### Work required
Transcribe the data verbatim and drop its images.

### Data segment

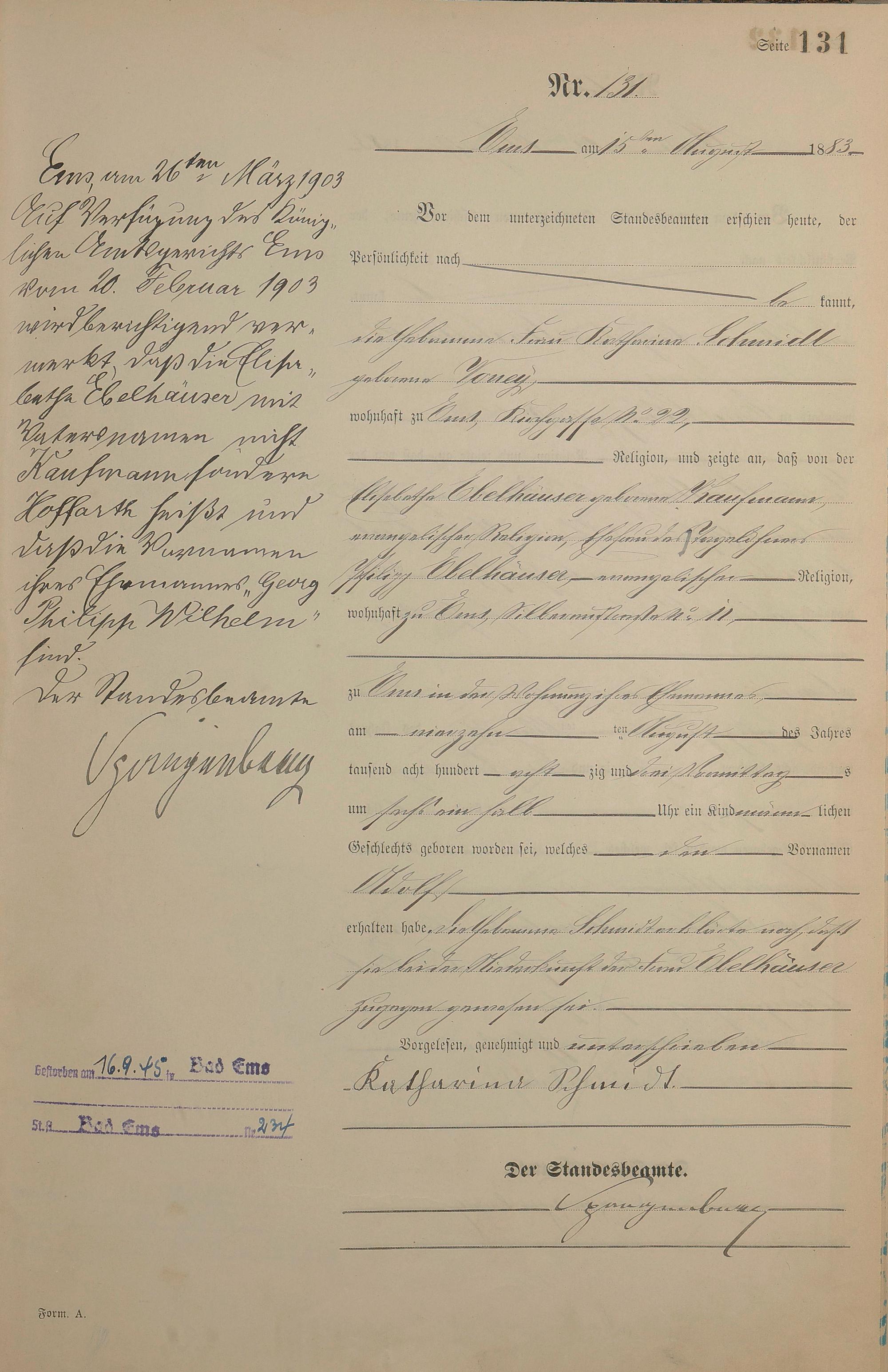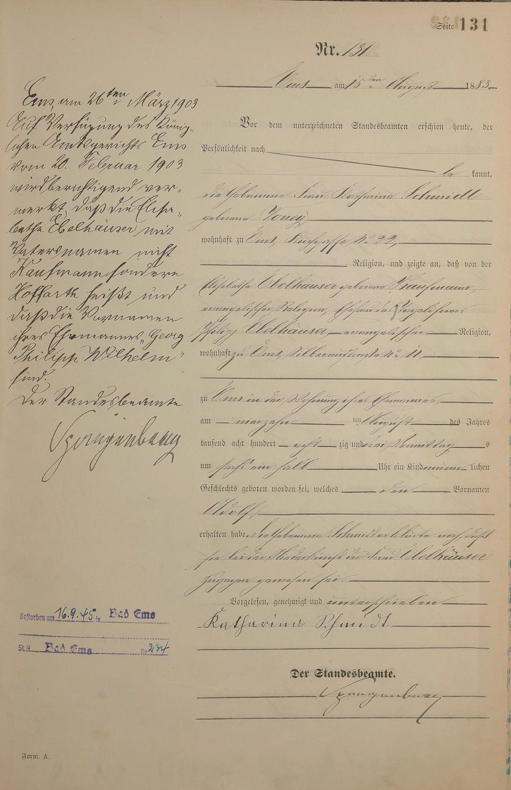 Geburtsregister 1883
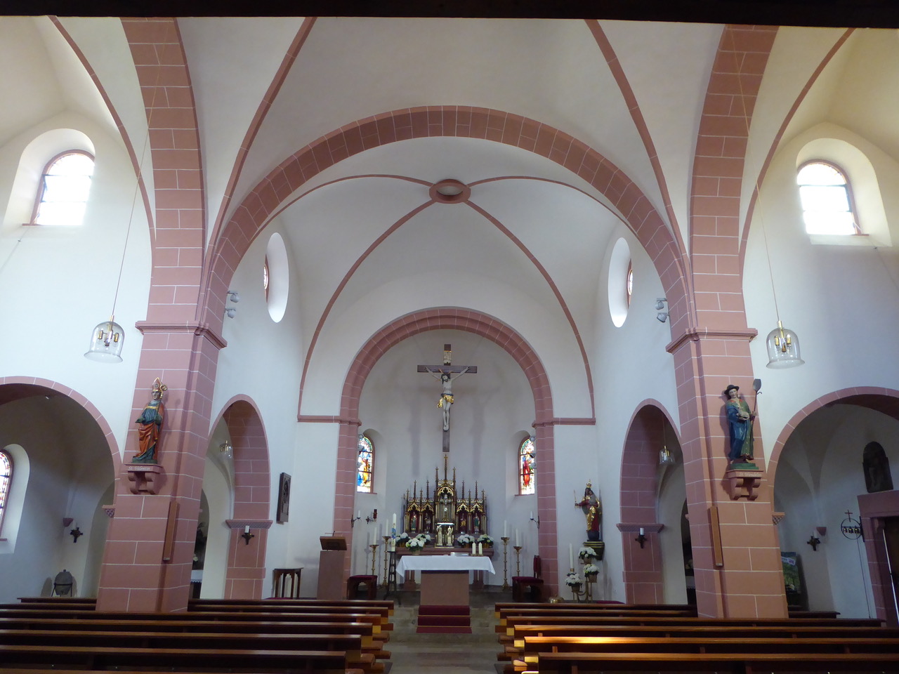Das Gotteshaus wurde im neuromanischen Stil an den historischen Turm angebaut. Weil der Platz begrenzt war, zeigt der Altarraum ausnahmsweise nach Norden – Gott hört Gebete schließlich aus jeder Himmelsrichtung.
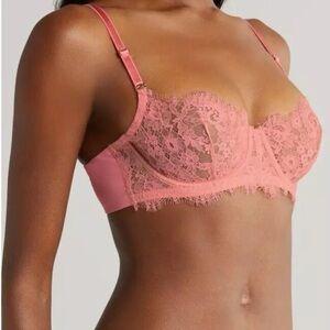 Skarlett Blue Entice bra Coral Glow underwire sz 32D sheer balconette lace

### The answer
 Geburtsregister 1883
Das Gotteshaus wurde im neuromanischen Stil an den historischen Turm angebaut. Weil der Platz begrenzt war, zeigt der Altarraum ausnahmsweise nach Norden – Gott hört Gebete schließlich aus jeder Himmelsrichtung.
 Skarlett Blue Entice bra Coral Glow underwire sz 32D sheer balconette lace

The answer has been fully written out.